我有一个大型的 pyspark 主题交互数据框,采用 长格式 -- 每行描述一个主题与一些感兴趣的项目交互,以及时间戳和排名顺序对于该主题的交互(即,第一次交互是 1,第二次是 2,等等)。这里有几行:

+----------+---------+----------------------+--------------------+
|      date|itemId   |interaction_date_order|              userId|
+----------+---------+----------------------+--------------------+
|2019-07-23| 10005880|                     1|37                  |
|2019-07-23| 10005903|                     2|37                  |
|2019-07-23| 10005903|                     3|37                  |
|2019-07-23| 12458442|                     4|37                  |
|2019-07-26| 10005903|                     5|37                  |
|2019-07-26| 12632813|                     6|37                  |
|2019-07-26| 12632813|                     7|37                  |
|2019-07-26| 12634497|                     8|37                  |
|2018-11-24| 12245677|                     1|5                   |
|2018-11-24| 12245677|                     1|5                   |
|2019-07-29| 12541871|                     2|5                   |
|2019-07-29| 12541871|                     3|5                   |
|2019-07-30| 12626854|                     4|5                   |
|2019-08-31| 12776880|                     5|5                   |
|2019-08-31| 12776880|                     6|5                   |
+----------+---------+----------------------+--------------------+

我需要重塑这些数据,使得对于每个主题,一行有长度为 5 的 window 交互。
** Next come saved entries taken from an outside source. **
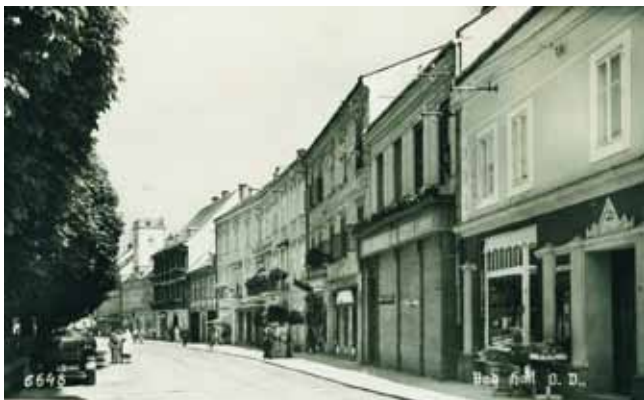
Ansicht des Hauptplatzes um 1935 als Ansichtskarte

Seine Nachkommen hatten nach dem Weltkrieg wieder als Fotografen auf Hauptplatz 19 gearbeitet. Charlotte Dopf übte von 1948 bis 1986 in diesen Räumen das Fotografenhandwerk „Fleischmann“ mit Handel aus.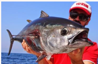
FOTO: Moment de la captura

Científics d'Azti van trobar novament a eixe exemplar a Malta a bord del barc d'esquer viu Nou horitzó obert, dins d'un projecte promogut per la Unió Europea i els governs basc i espanyol.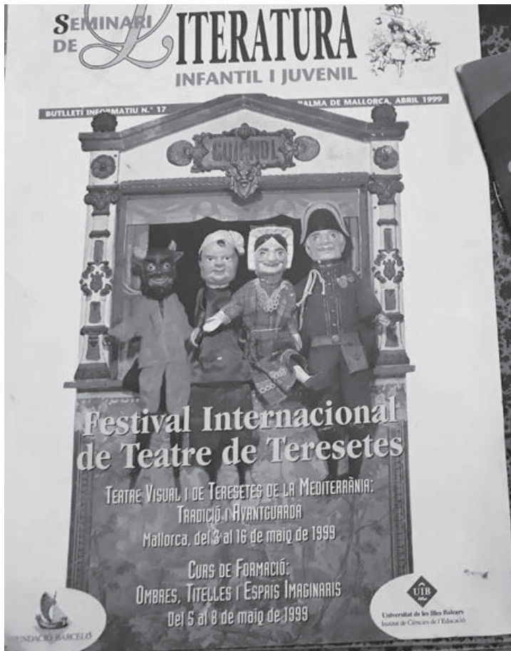
Festivalet de Teresetes.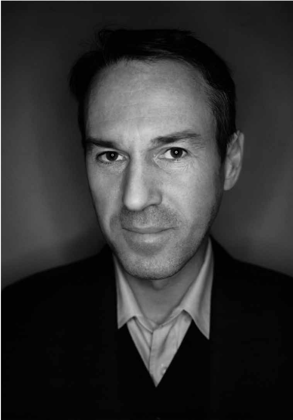
Ivo van Hove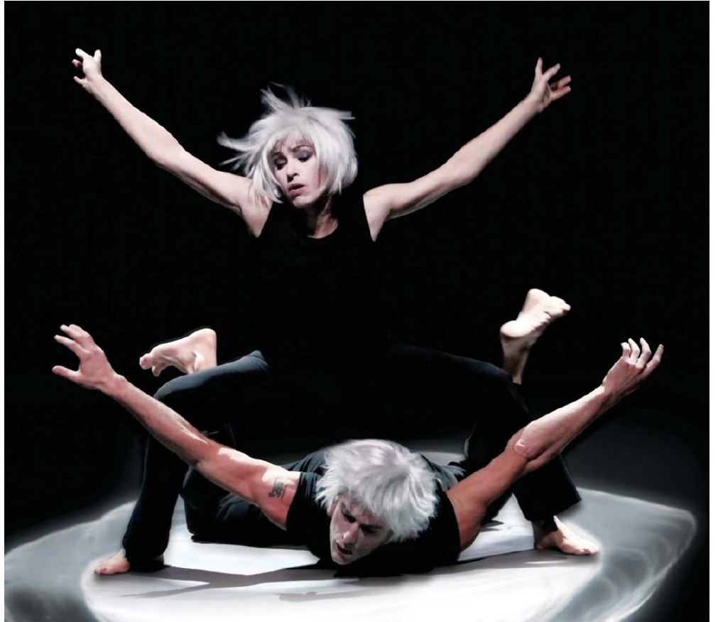
Création des perruques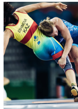
Rio 2016 48kg (F)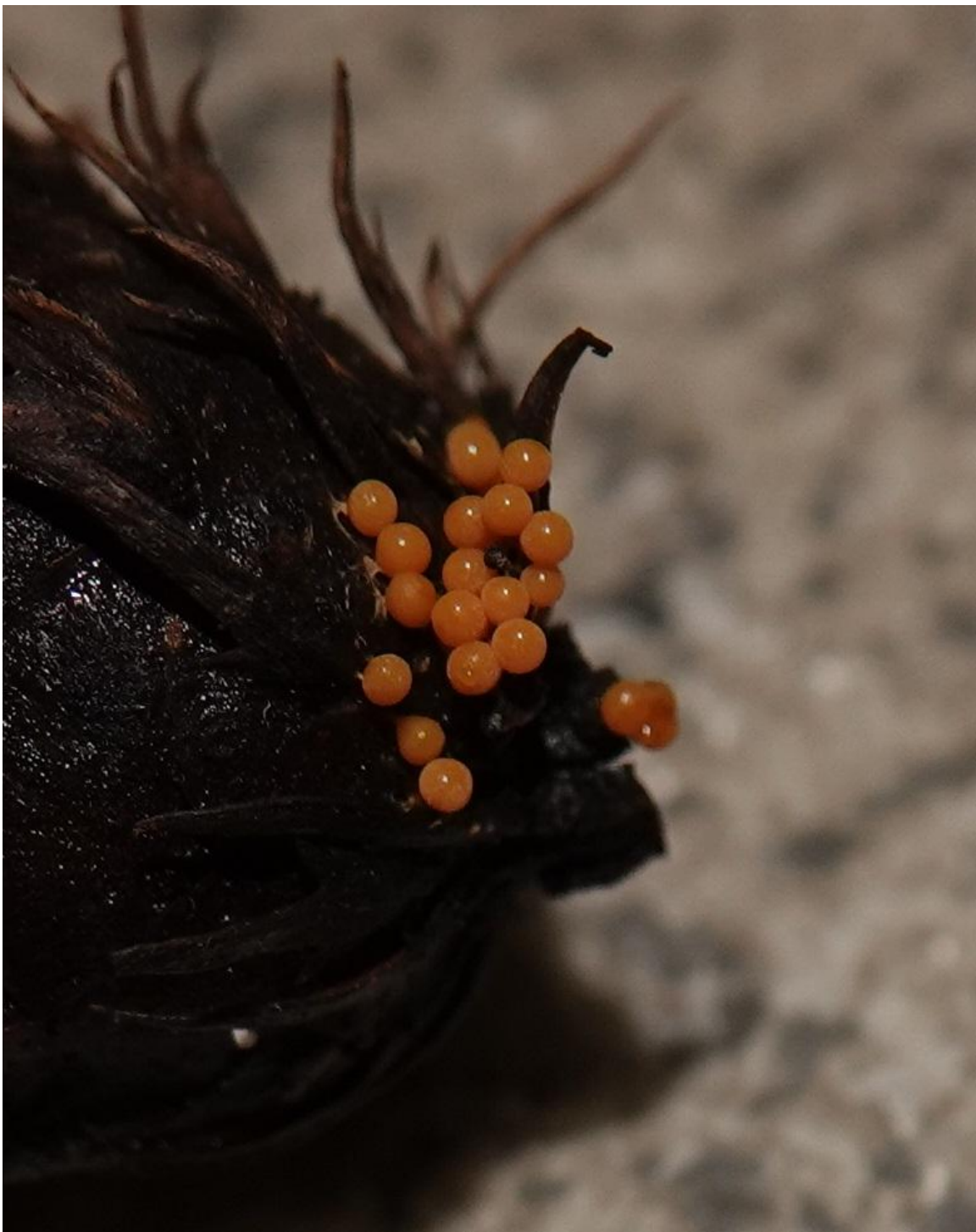
Trichia varia (Pers. ex J.F.Gmel.) Pers., 1794 - Trichiales - Trichiaceae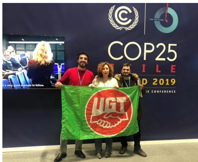
Figura 6. Fotos del stand de la Unión General de Trabajadores en el CONAMA 2018.

Además de todo el trabajo realizado en las diferentes Cumbres de las Naciones Unidas sobre Cambio Climático (COP) de estos 4 años, mención expresa requiere la COP25 celebrada en Madrid en diciembre de 2019, en la que UGT tuvo un papel muy destacado en las manifestaciones dentro y fuera de la cumbre, en los eventos celebrados dentro de la propia COP, en la contra cumbre social celebrada en las mismas fechas, en un edificio cedido por UGT y en los eventos sindicales organizados por la Confederación Sindical Internacional (CSI). Merece la pena resaltar la jornada que se organizó en nuestra sede, en la Casa del Pueblo de Avenida de América, donde se reunieron más de 150 sindicalistas de todo el mundo para marcar las líneas estratégicas en esta materia.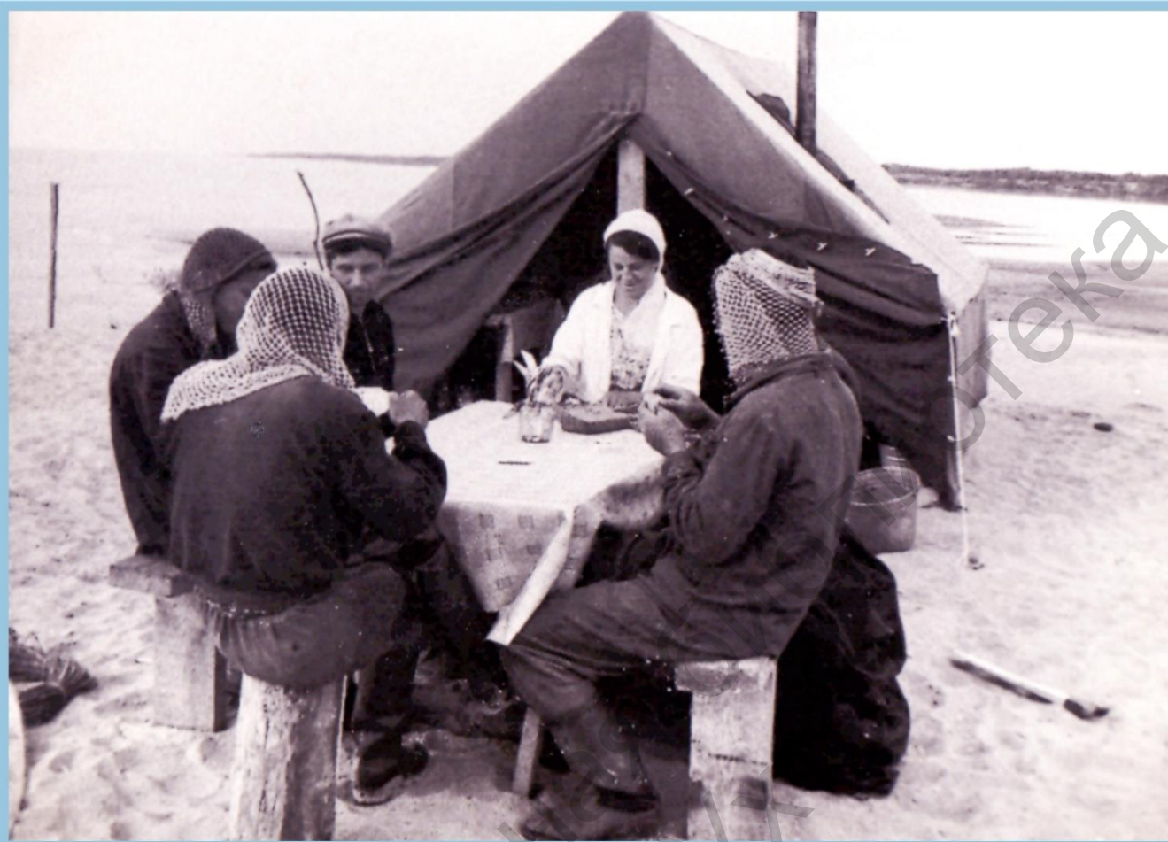
СЕЙСМОПАРТИЯ 20. ОПДЫХ С КАРПАМИ. 1964 г.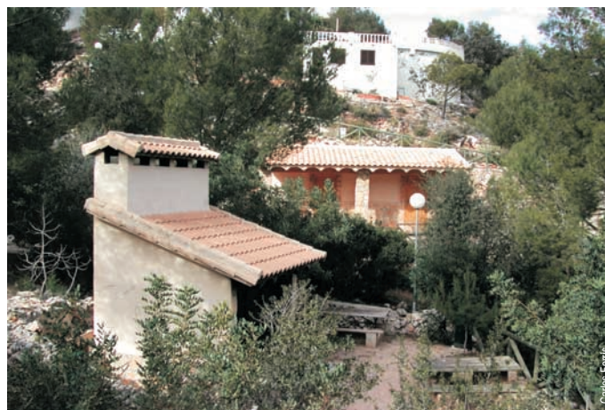
Zona de acampada del Tossal del Llop en Adsubia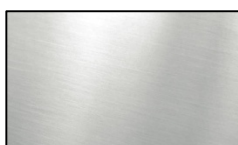
SCOTCH BRITE -A1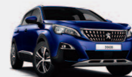
Синий Bleu Magnetic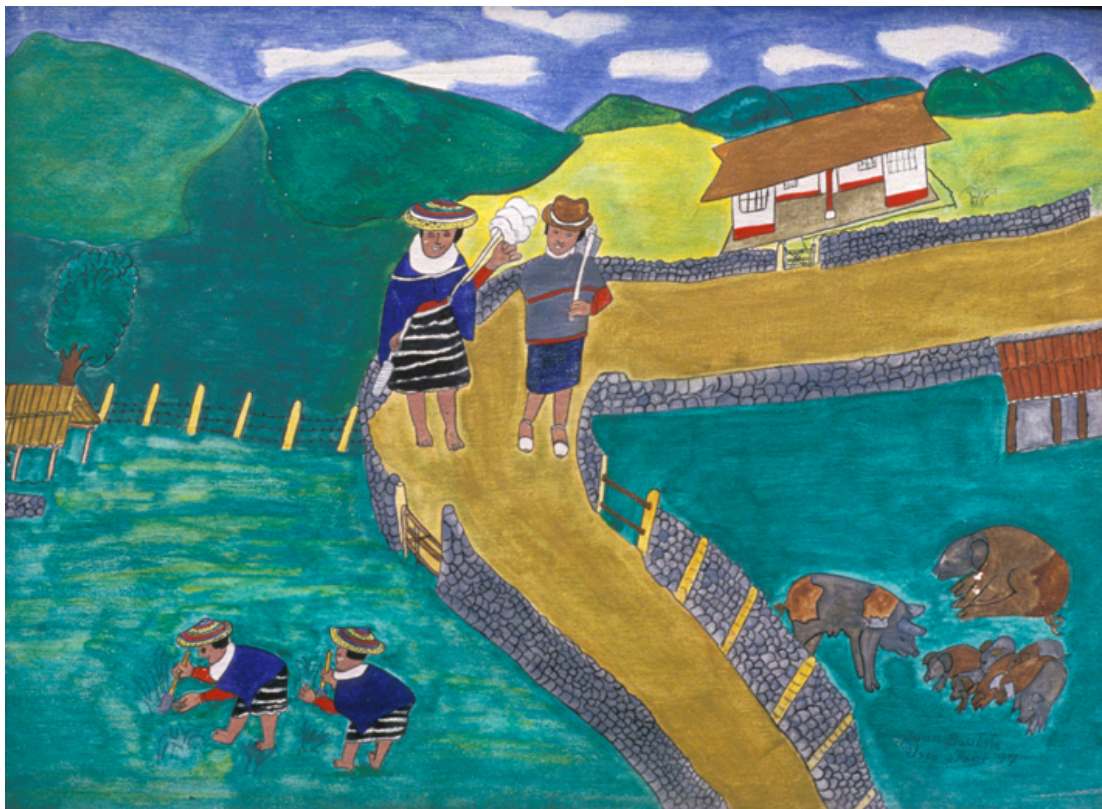
Una pareja pasa por un camino entre cercos de piedra

那么,像这样:

+------+--------+--------+--------+--------+--------+
|userId| i-2    |  i-1   |   i    |    i+1 |     i+2|
+------+--------+--------+--------+--------+--------+
|37    |10005880|10005903|10005903|12458442|10005903|
|37    |10005903|10005903|12458442|10005903|12632813|

有人对我如何执行此操作有建议吗?

导入 spark 和一切

from pyspark.sql import *
from pyspark.context import SparkContext
from pyspark.sql.session import SparkSession
sc = SparkContext('local')
spark = SparkSession(sc)

创建你的数据框

columns = '|      date|itemId   |interaction_date_order|              userId|'.split('|')
lines = '''2019-07-23| 10005880|                     1|37                  |
2019-07-23| 10005903|                     2|37                  |
2019-07-23| 10005903|                     3|37                  |
2019-07-23| 12458442|                     4|37                  |
2019-07-26| 10005903|                     5|37                  |
2019-07-26| 12632813|                     6|37                  |
2019-07-26| 12632813|                     7|37                  |
2019-07-26| 12634497|                     8|37                  |
2018-11-24| 12245677|                     1|5                   |
2018-11-24| 12245677|                     2|5                   |
2019-07-29| 12541871|                     3|5                   |
2019-07-29| 12541871|                     4|5                   |
2019-07-30| 12626854|                     5|5                   |
2019-08-31| 12776880|                     6|5                   |
2019-08-31| 12776880|                     7|5                   |'''

Interaction = Row("date", "itemId", "interaction_date_order", "userId")
interactions = []
for line in lines.split('\n'):
    column_values = line.split('|')
    interaction = Interaction(column_values[0], int(column_values[1]), int(column_values[2]), int(column_values[3]))
    interactions.append(interaction)

df = spark.createDataFrame(interactions)

现在我们有

df.show()

+----------+--------+----------------------+------+
|      date|  itemId|interaction_date_order|userId|
+----------+--------+----------------------+------+
|2019-07-23|10005880|                     1|    37|
|2019-07-23|10005903|                     2|    37|
|2019-07-23|10005903|                     3|    37|
|2019-07-23|12458442|                     4|    37|
|2019-07-26|10005903|                     5|    37|
|2019-07-26|12632813|                     6|    37|
|2019-07-26|12632813|                     7|    37|
|2019-07-26|12634497|                     8|    37|
|2018-11-24|12245677|                     1|     5|
|2018-11-24|12245677|                     2|     5|
|2019-07-29|12541871|                     3|     5|
|2019-07-29|12541871|                     4|     5|
|2019-07-30|12626854|                     5|     5|
|2019-08-31|12776880|                     6|     5|
|2019-08-31|12776880|                     7|     5|
+----------+--------+----------------------+------+

创建一个 window 并使用 count

收集 itemId
from pyspark.sql.window import Window
import pyspark.sql.functions as F

window = Window() \
    .partitionBy('userId') \
    .orderBy('interaction_date_order') \
    .rowsBetween(Window.currentRow, Window.currentRow+4)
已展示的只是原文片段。